> **Problem to solve**
Omit all pictures, then retype exactly the lines from the one that contains "Our Field Officer" through the end of the listing.

> **The data**
-=-=-=-=-
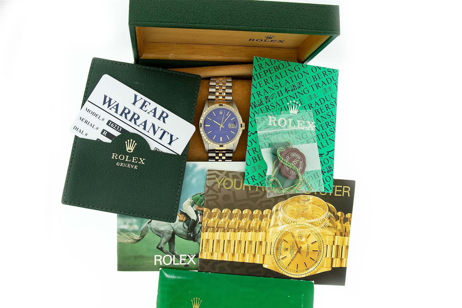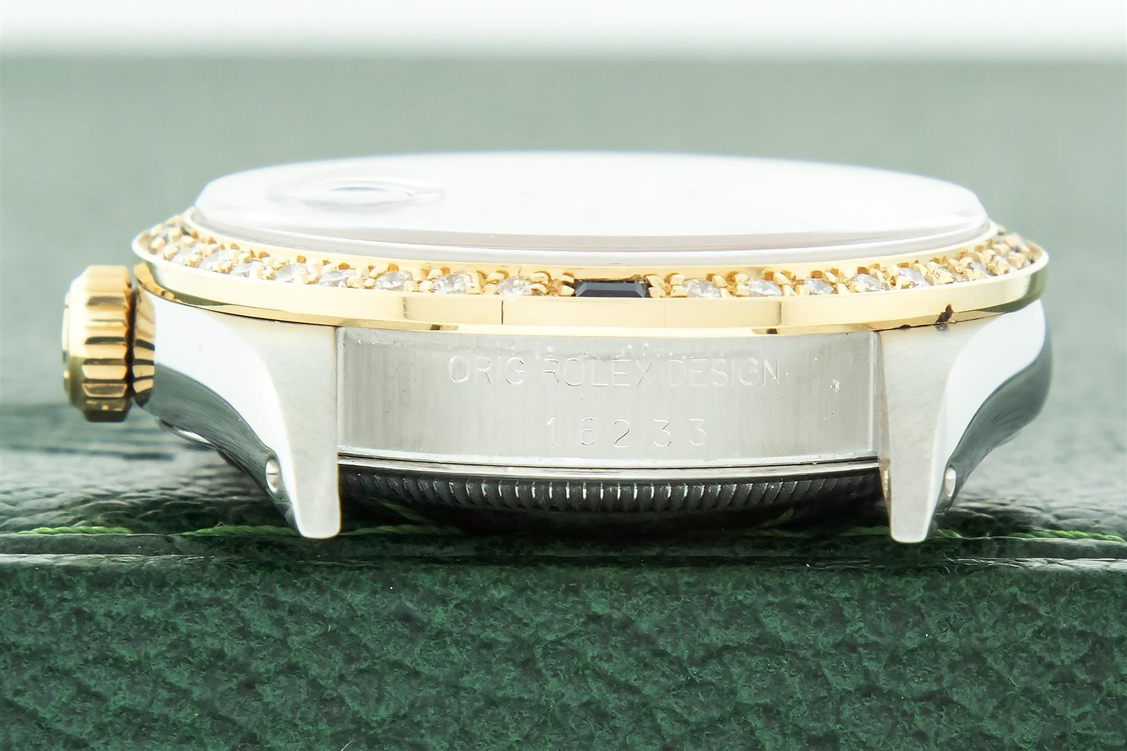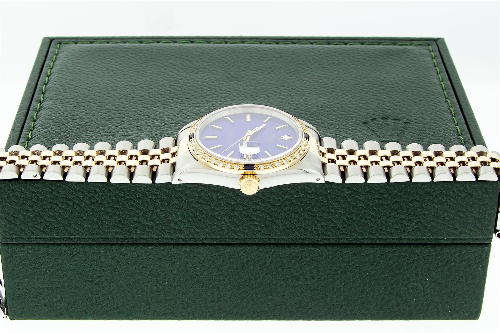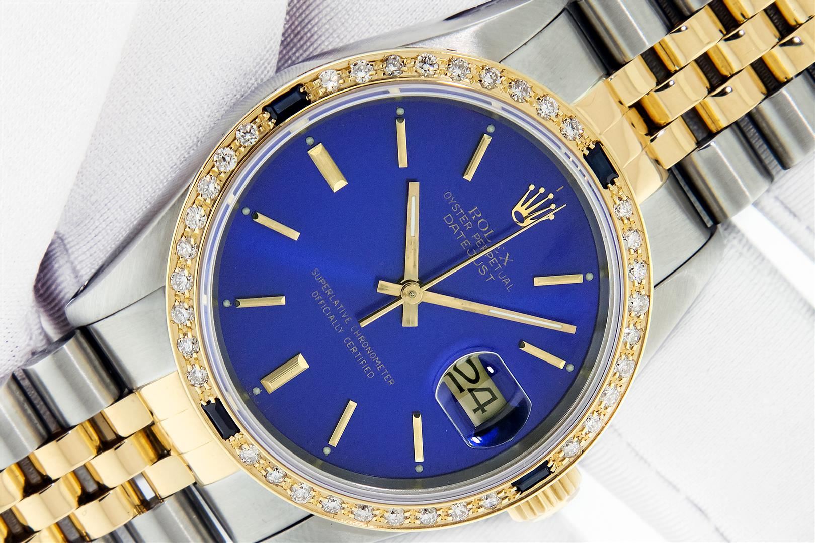 One Mens 18K Yellow Gold & Stainless Steel Two Tone Rolex Oyster Perpetual Datejust Polished, Serviced & Electronically Tested, 18K Yellow Gold & Stainless Steel Case: 36mm, Original 18K Yellow Gold Crown, Custom Bezel: New 18K Yellow Gold Sapphire Beadset Diamond Bezel, Diamond Count: 36 Diamonds + 4 Sapphires Custom Crystal: New Scratch Resistant Sappphire Crystal Lens. Hands: Genuine Rolex Luminecent Hands. Movement: Automatic Winding Movement 3135. Custom Dial:Refinished Blue dial with Index Hour Markers. Date Window: 3 O'Clock Position Date Display, Quickset, Model: Sapphire Datejust 16233, Condition: G-6 Extra Fine. Bracelet: Nice Condition Two Tone 18K Yellow Gold & Stainless Steel Jubilee Band. Bright Polish. 7.0 Inch Length, Adjustable. Standard Clasp, With Rolex Logo. This Watch Has Been Serviced, Time Tested And Polished It Is Free Of All Scratches And Dents. This Watch Comes With The Following Accessories: Rolex Box, Rolex Booklets, Rolex Tag, Rolex Wallet and Rolex Carry Pouch.
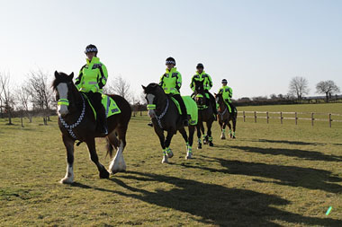 Our Field Officer Jacko Jackson was asked by the Constabulary to assist with providing competency assessments for four officers to ensure they had the necessary riding skills, as well as assessing their horses. Justina Smith who is Assistant Manager at World Horse Welfare’s Hall Farm Rescue and Rehoming Centre in Snetterton also carried out the training session yesterday (Sunday 19 February 2012).
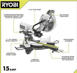 Brand New Ryobi 10" Sliding Compound Miter Saw with LED Cutline$250Des Plaines, IL
-=-=-=-=-
> **Answer to this problem**
 Our Field Officer Jacko Jackson was asked by the Constabulary to assist with providing competency assessments for four officers to ensure they had the necessary riding skills, as well as assessing their horses. Justina Smith who is Assistant Manager at World Horse Welfare’s Hall Farm Rescue and Rehoming Centre in Snetterton also carried out the training session yesterday (Sunday 19 February 2012).
 Brand New Ryobi 10" Sliding Compound Miter Saw with LED Cutline$250Des Plaines, IL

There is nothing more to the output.